The severe acute respiratory syndrome coronavirus 2 (SARS-CoV-2) responsible for the COVID19 pandemic is a continuing threat to global health and prosperity. There is an urgent need to develop innovative vaccine technologies and diagnostic tests to combat the virus. Antigenic proteins encoded by SARS-CoV-2 can be expressed as recombinant proteins in heterologous expression systems. These recombinant antigenic proteins can be used to develop vaccines and diagnostic kits to identify people with antibodies against the virus. To combat the global pandemic, a low cost, high yield and scalable expression system is required to ensure that the SARS-CoV-2 recombinant proteins can be made in large amounts across the world. This affordability issue is particularly important in developing countries. Plant based expression systems provide the ideal vehicle for expressing SARS-CoV-2 recombinant proteins. This project will use a leaf-based expression system that enables extraordinarily high yields of SARS-CoV-2 recombinant proteins to be made with a low carbon footprint. This project will identify SARS-CoV-2 antigens that are suitable for development of a plant-based vaccine.
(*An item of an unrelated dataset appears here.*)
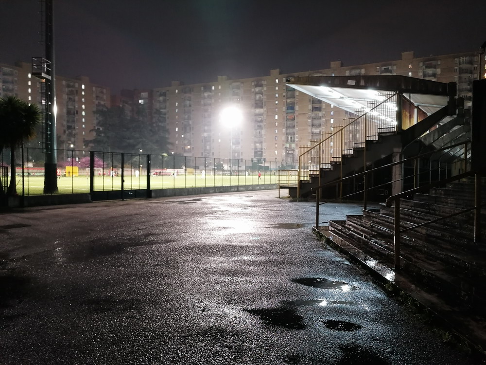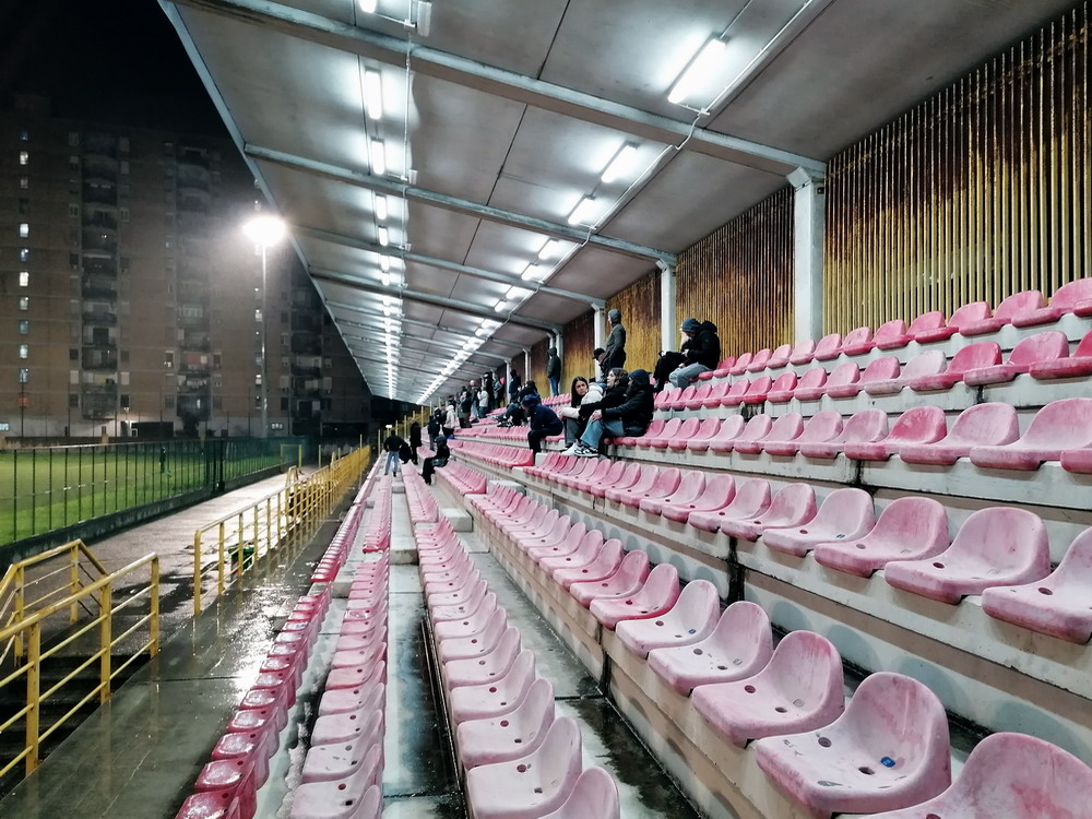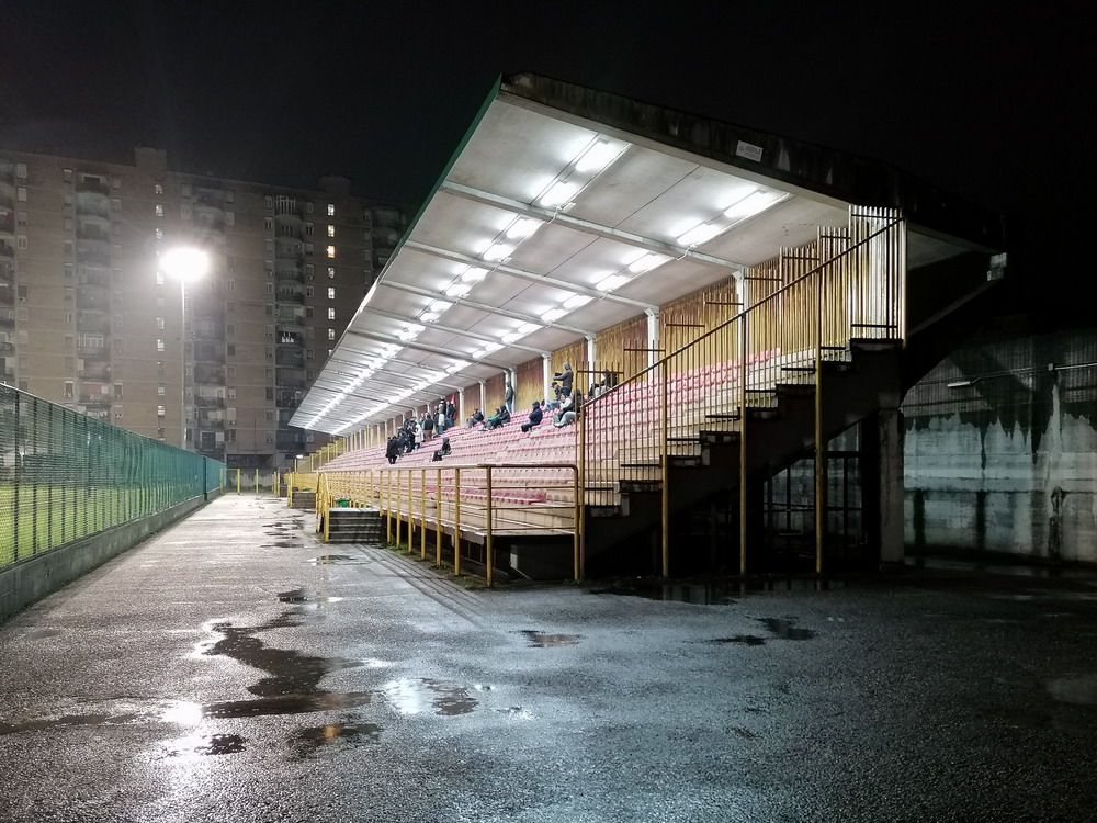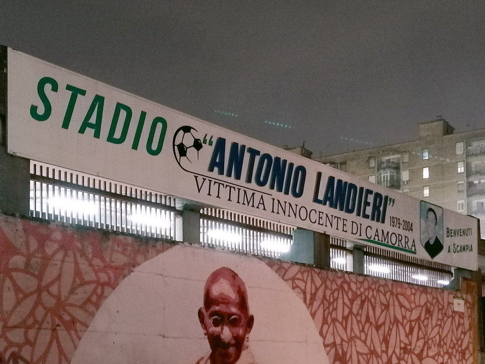 Durch die heraufbeschworene Zeitknappheit vor der vergangenen Partie musste ich die dringend notwendige Betankung des Miet-Vehiculums vernachlässigen. Die Internet-Recherche ergab, dass die vom Bordcomputer angezeigte Restkraftstoffmenge zum Erreichen der nächsten Tankstelle genügen sollte. Dem Computer war aber nicht bekannt, dass noch ein Höhenzug und die dadurch bedingte Steigung bezwungen werden wollte, was das Spritvolumen gefährlich zusammenschrumpfen ließ. Buchstäblich mit den letzten Tropfen Benzin im Tank rollte ich an die ersehnte Zapfsäule heran. Auf dem Weg zum zweiten Spiel des Tages checkte ich kurz in die Unterkunft ein und musste mich dann mit dem dichtem Verkehr der Metropolregien Napolis herumärgern, so dass ich erneut auf den letzten Drücker im ‚Stadio Antonio Landieri‘ eintraf, welches eingerahmt von hohen Wohnblöcken im Problem-Stadtteil Scampia liegt. Konsumenten der Netflix-Serie ‚Gomorrha‘ ist Scampia als sozialer Brennpunkt und Drogensumpf bekannt, was aber eben auch der Realität entspricht. Scampia ist ein Hotspot der ‚Camorra‘, ein von brutalen Wohnklötzen beherrschtes Viertel, in dem viele illegale, vor allem dem Roma-Volk zuzurechnende Menschen leben. Weiterhin ist eine Jugendarbeitslosigkeit von über 60% die beste Basis, um junge Menschen in die Strukturen von verbrecherischen Banden zu treiben. Der Namensgeber des Stadions wurde im Alter von 27 Jahren infolge einer Verwechslung von Handlangern der Camorra irrtümlich ermordet.

Antigens, derived from in silico screening of the SARS-CoV-2 genome, will be incorporated and displayed on virus like particles (VLPs). These VLPs are formed by self-assembly of hundreds of copies of the single viral protein. In effect VLPs are the outer coating of the virus without the infectious nucleic acid. Each VLP will display multiple SARS-CoV-2 antigens, enhancing their potential to be highly immunogenic. Expression in leaf chloroplasts enables extraordinarily high yields of recombinant proteins. The protein sequences for SARS-CoV-2 VLPs will be back translated into DNA using a chloroplast codon usage table in silico. The resulting synthesized genes will be inserted into a transformation vector and transformed into chloroplasts. Chloroplast transformants expressing SARS-CoV-2 VLPs will be characterised by PCR and protein blot analyses. These techniques are used to confirm targeted transgene integration and concentration of SARS-CoV-2 VLPs. The SARS-CoV-2 VLPs expressed in leaves will be purified and their structures examined by electron microscopy. Purified SARS-CoV-2 VLPs will then be tested using antibodies and anti-sera to determine correct folding and incorporation of the antigens. The project combines expertise in plant expression systems (Day), vaccine development (Derrick) and visualisation of virus-like particles (Roseman).